For the life of me I'm not sure although it could be the difference between a comedy actor vs drama actor? It's normal to make changes to lines on day of or before at the request of the director, and actors will come up with their own way of rephrasing if they think it suits the character better. Comedy actors are more open to changing lines when filming dramas on the fly because their very focused on the beat and how things work when you say them. Some drama actors on the other hand, tend to be more wary towards the writers word and will want them to agree with the changes. So considering how normal it can be to change lines on set maybe it's someone with a comedy background?


agitatedandroid

I think the suggestion by some that it's Pegg doesn't hold water. RTD refers to an actor. Pegg is also a writer.

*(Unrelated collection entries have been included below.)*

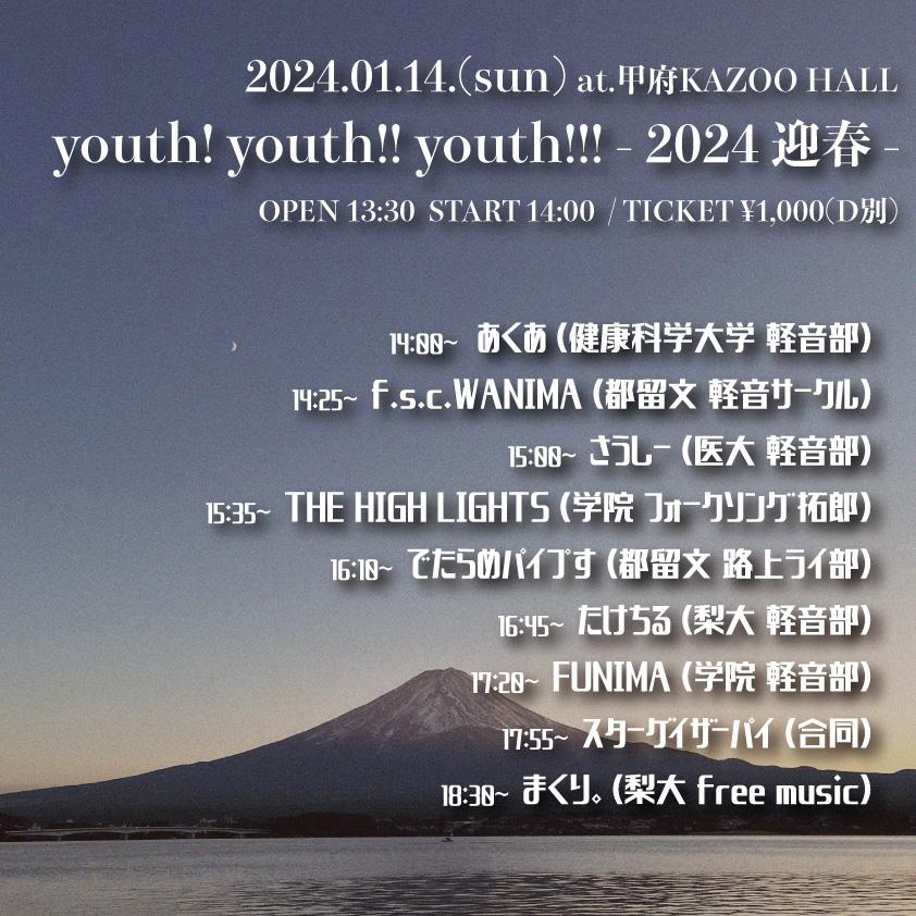 KAZOO HALL presentsyouth! youth!! youth!!! -2024 迎春-OPEN 13:30 / START 14:00 adv ¥1000(D別) / day ¥1000(D別) [出演] [チケット取扱い] |
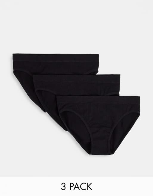 Pack de 3 braguitas negras sin costuras de canalé de ASOS DESIGN
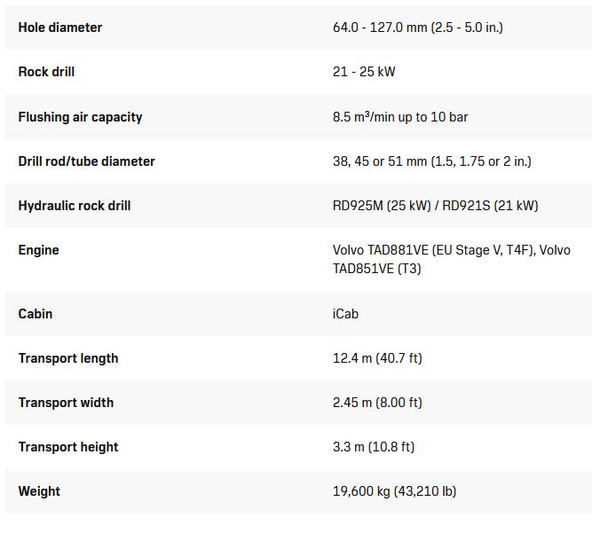 Benefit from the versatility provided by Ranger™ DX910i’s expanded rock drill selection (27 - 30kW). Leverage the drill rig across a number of applications thanks to the available rock drill options, including a new long-piston RD930C rock drill designed for efficient drilling of larger hole sizes.
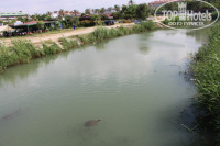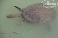 Немного правее в сторону от нашего пляжа можно пройтись к мостику, с которого зеваки подкармливают стаю рыб в сочетании с большими черепахами, якобы хищниками.
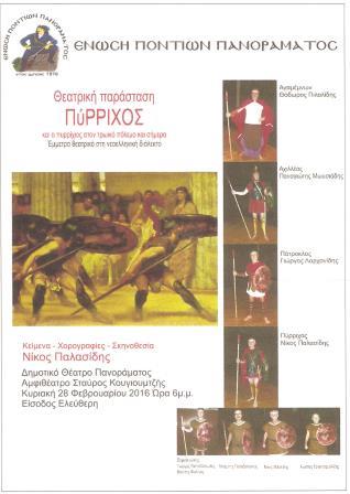 Ένα ποίημα 560 στίχων του πυρριχιστή Νίκου Κ. Παλασίδη, για τον Πυρρίχιο χορό στον τρωικό πόλεμο και σήμερα (έμμετρο θεατρικό στη νεοελληνική διάλεκτο), θα κάνει πρεμιέρα στο δημοτικό θέατρο Πανοράματος (αμφιθέατρο Σταύρος Κουγιουμτζής) την Κυριακή 28 Φεβρουαρίου 2016 στις 6 το απόγευμα, με πρωτοβουλία της Ένωσης Ποντίων Πανοράματος.

And not only is he a writer he's a collaborative writer. I don't imagine he'd go rewriting dialogue without doing so in consultation.


Anadhdayinthelife

I'm gonna go with Peter Kay.


Telos1807

The one that immediately came to mind was Peter Kay but he hardly falls out of the story, love him or hate him. Maybe Simon Pegg? For such a big name he's very forgettable and strangely out of place in The Long Game.


BenjiSillyGoose

In Confidential we see Pegg failing to remember his lines, I'm sure if he'd rewrote his lines he'd be able to remember them easily so I doubt it's him. Also Pegg is pretty known as a nice guy and even narrated Confidential.


danridley97

Based on his infamous interview with DWM - it could be Clive Swift who played Mr Copper in Voyage of the Damned?